══ RECORDS SHOWN ══
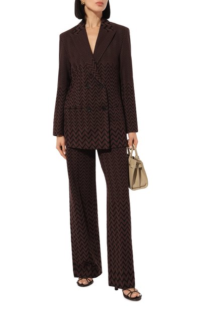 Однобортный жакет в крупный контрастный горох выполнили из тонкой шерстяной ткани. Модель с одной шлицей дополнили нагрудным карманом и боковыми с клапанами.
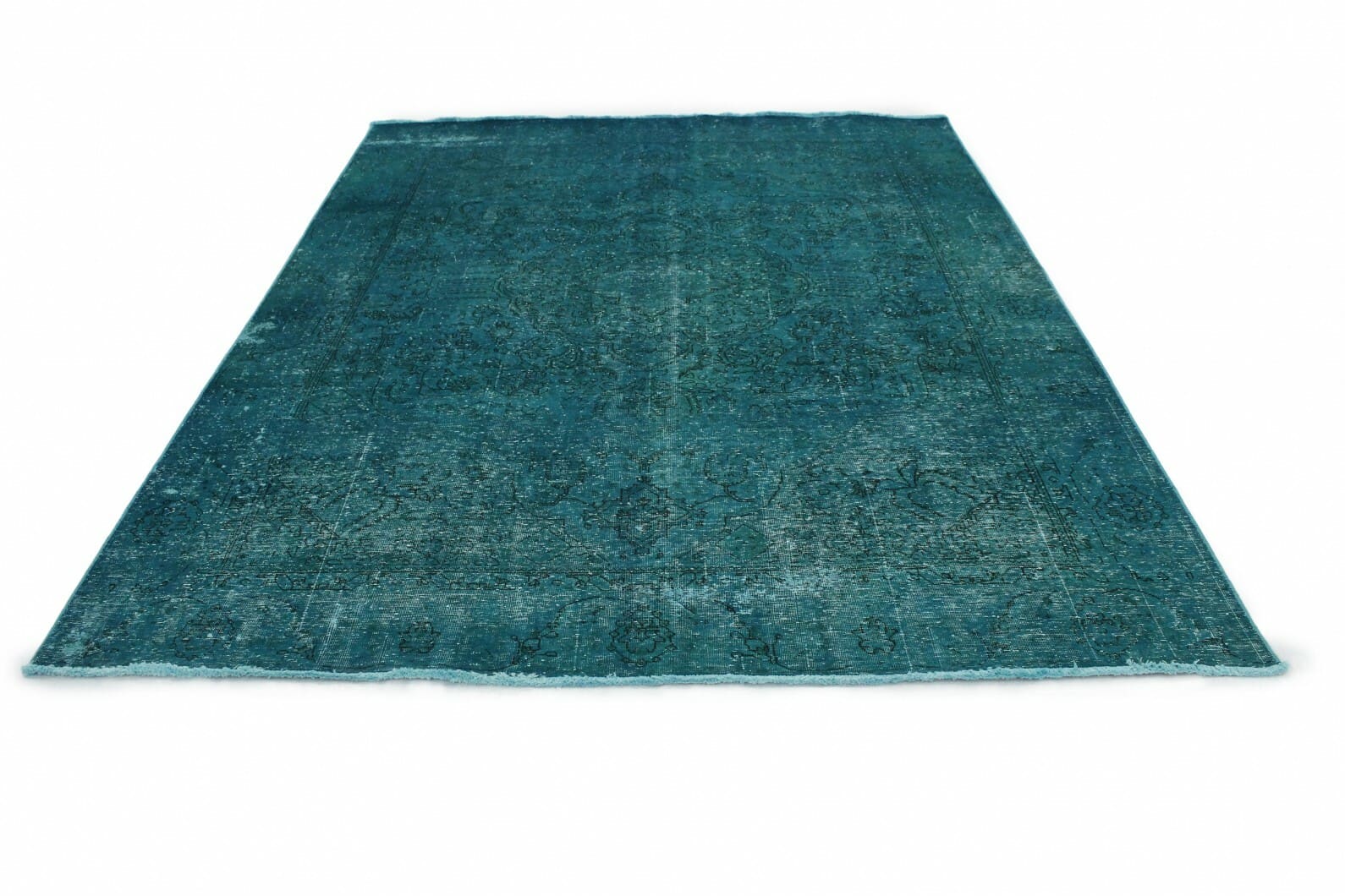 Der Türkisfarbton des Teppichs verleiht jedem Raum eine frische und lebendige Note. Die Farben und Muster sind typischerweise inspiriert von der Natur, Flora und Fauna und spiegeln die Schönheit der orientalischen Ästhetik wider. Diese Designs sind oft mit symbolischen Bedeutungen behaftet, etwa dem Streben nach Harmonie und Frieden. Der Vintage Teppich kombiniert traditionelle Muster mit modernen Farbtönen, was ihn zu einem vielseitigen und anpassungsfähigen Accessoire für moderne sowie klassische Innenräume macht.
═══
══ RECORDS SHOWN ══
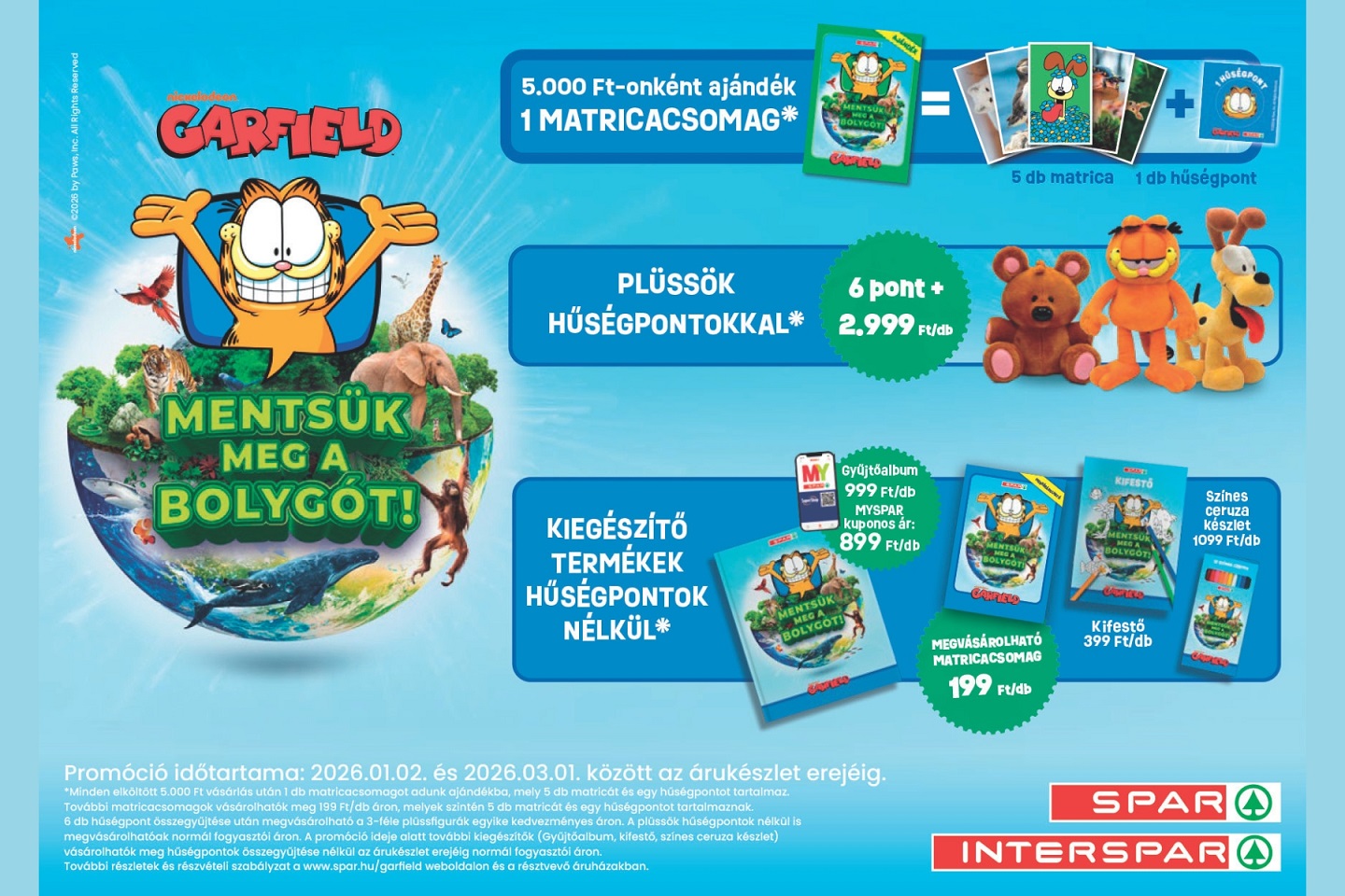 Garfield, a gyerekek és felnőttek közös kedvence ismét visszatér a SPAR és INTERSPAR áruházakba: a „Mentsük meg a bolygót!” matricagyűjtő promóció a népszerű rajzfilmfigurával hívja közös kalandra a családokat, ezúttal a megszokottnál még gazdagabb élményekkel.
═══
══ RECORDS SHOWN ══
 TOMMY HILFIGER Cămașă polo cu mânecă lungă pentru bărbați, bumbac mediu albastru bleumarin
═══
--- WORK REQUEST ---
Copy word for word the span of the records above that begins at the line with "Однобортный жакет в" and ends at the line with "Der Türkisfarbton des", including those two lines but not the pictures.

--- SOLUTION ---
 Однобортный жакет в крупный контрастный горох выполнили из тонкой шерстяной ткани. Модель с одной шлицей дополнили нагрудным карманом и боковыми с клапанами.
 Der Türkisfarbton des Teppichs verleiht jedem Raum eine frische und lebendige Note. Die Farben und Muster sind typischerweise inspiriert von der Natur, Flora und Fauna und spiegeln die Schönheit der orientalischen Ästhetik wider. Diese Designs sind oft mit symbolischen Bedeutungen behaftet, etwa dem Streben nach Harmonie und Frieden. Der Vintage Teppich kombiniert traditionelle Muster mit modernen Farbtönen, was ihn zu einem vielseitigen und anpassungsfähigen Accessoire für moderne sowie klassische Innenräume macht.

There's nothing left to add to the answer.